Having a ready to use S-shaped function in Tableau is a must-have for your Advanced Analytics Toolbox.

Today’s post provides a Tableau workbook template with a fully flexible user-defined S-shaped function. The workbook is published on Tableau Public and also available for free download.

The only source data you need for an S-shaped function in Tableau is one date dimension. For my minimalistic template (see below), I used a one-column table with all dates from January 2017 to December 2021. If you want to implement an S-curve in your own Tableau workbook, simply use a date dimension of your database or blend in a list of dates similar to what I used.

An S-shaped function is defined by the date dimension and seven variables defining how the curve shall look like:

- [Period Start] defines the month when the S-shaped function starts, e.g. the launch date of the product or the market entry date of a company
- [Period End] defines the end of the period under consideration
- [Percentage Start] is the start percentage value. If you are modelling the launch of a product or company, this parameter will usually be set to 0%. The parameter and the formulas, though, also allow to start at a percentage greater than 0%
- [Percentage End] sets the final percentage value, i.e. the long-term value the S-curve will tend to
- [Start of fast growth] is the number of the month (after [Period Start]) when the value will begin to increase exponentially
- [Takeover Periods] defines the number of months the value will rapidly increase before it will slowly converge to the final value
- [Curviness Parameter] is a constant defining the slope of the curve. The higher the value, the steeper the gradient of the curve and vice versa

To give the user the option to customize the entire S-shaped curve, we need one parameter in Tableau for each of these variables, i.e. two date parameters, two float (percentage) parameters and three integer parameters.

The effect of the first four parameters ([Period Start], [Period End], [Percentage Start] and [Percentage End]) on the S-curve should be mostly self-explanatory, so let’s have a look at the other three: [Start of fast growth], [Takeover Periods] and [Curviness Parameter].

A picture says a thousand words or - as Albert Einstein said – “*Example isn't another way to teach, it is the only way to teach.*” So here are a few examples which hopefully help to understand how the parameters shape the function.
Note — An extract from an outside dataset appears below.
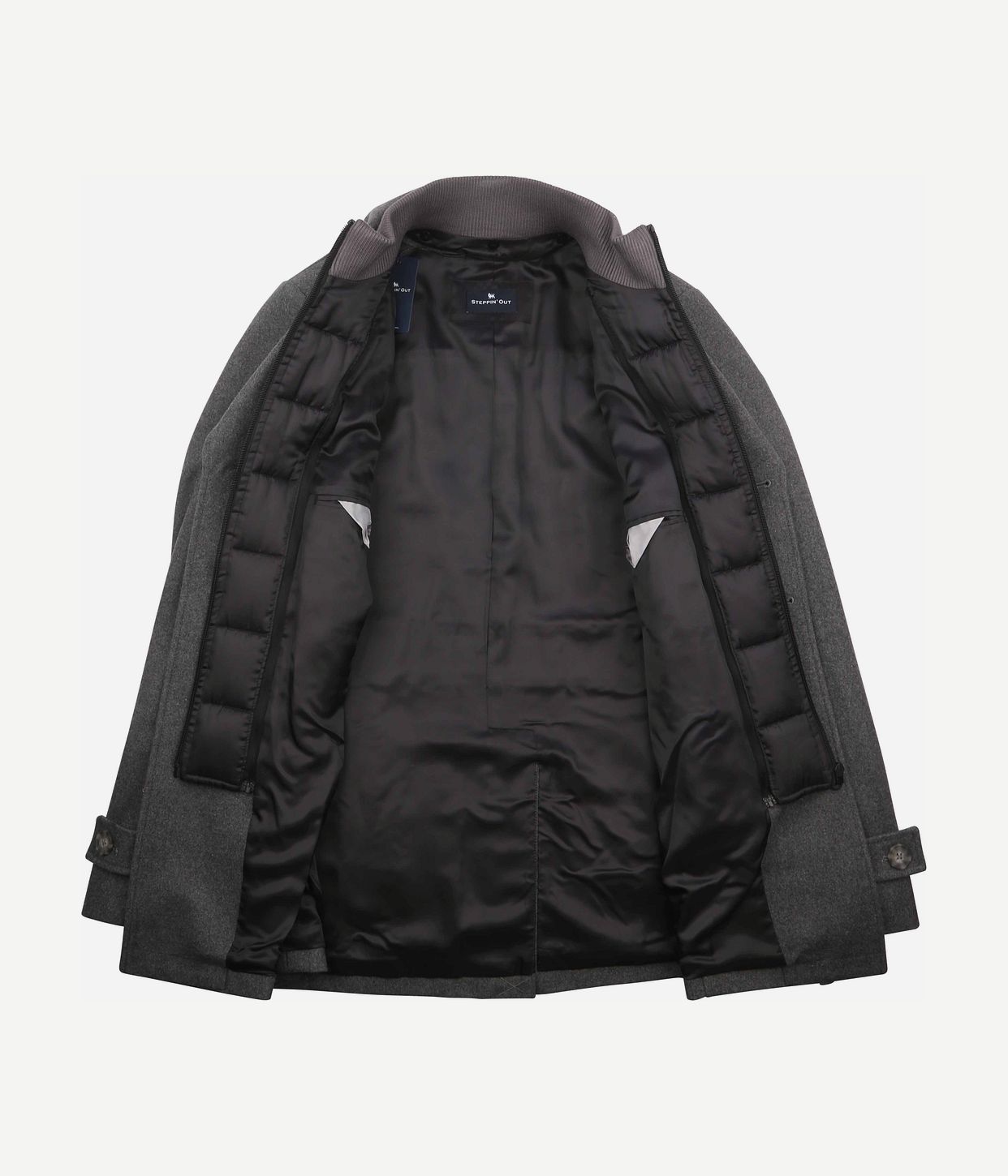 Met de Steppin' Out Caban Coat in grijs zit u altijd goed. De slim-fit pasvorm zorgt voor een verzorgde uitstraling en de hals met opstaande kraag houdt u lekker warm. De jas is vervaardigd van 55% wol en 45% polyester, wat zorgt voor een hoogwaardige kwaliteit en duurzaamheid. De ritssluiting en knopen en de steekzakken maken deze jas compleet.

In all following examples, the period under consideration is set to January 2018 until December 2020 and the percentage value increases from 10% to 80%.

Example 1:

Let’s start with an arbitrarily chosen set of parameters. If we set [Start of fast growth] to 7, [Takeover Periods] to 18 and the [Curviness Parameter] to 500, we get the following S-curve:The rapid development starts in July 2018 (i.e. the 7th month after [Period Start], because [Start of fast growth] is set to 7) and lasts until December 2019 (i.e. for [Takeover Period] = 18 months).

Example 2:

Let’s increase [Start of fast growth] to 13 and decrease [Takeover Periods] to 12 and we get an S-curve where the rapid growth starts later but only lasts for one year:

With a further decrease of [Takeover Periods] down to 6, the S-curve looks like this:

So far, we only changed [Start of fast growth] and [Takeover Periods]. What about the [Curviness Parameter]? As mentioned above, the curviness defines the gradient of the function. Let’s get back to the first example and set the [Curviness Parameter] to a few selected values. Here is how the curviness affects the function:

Now you see it: the higher the curviness, the steeper the ascent of the function.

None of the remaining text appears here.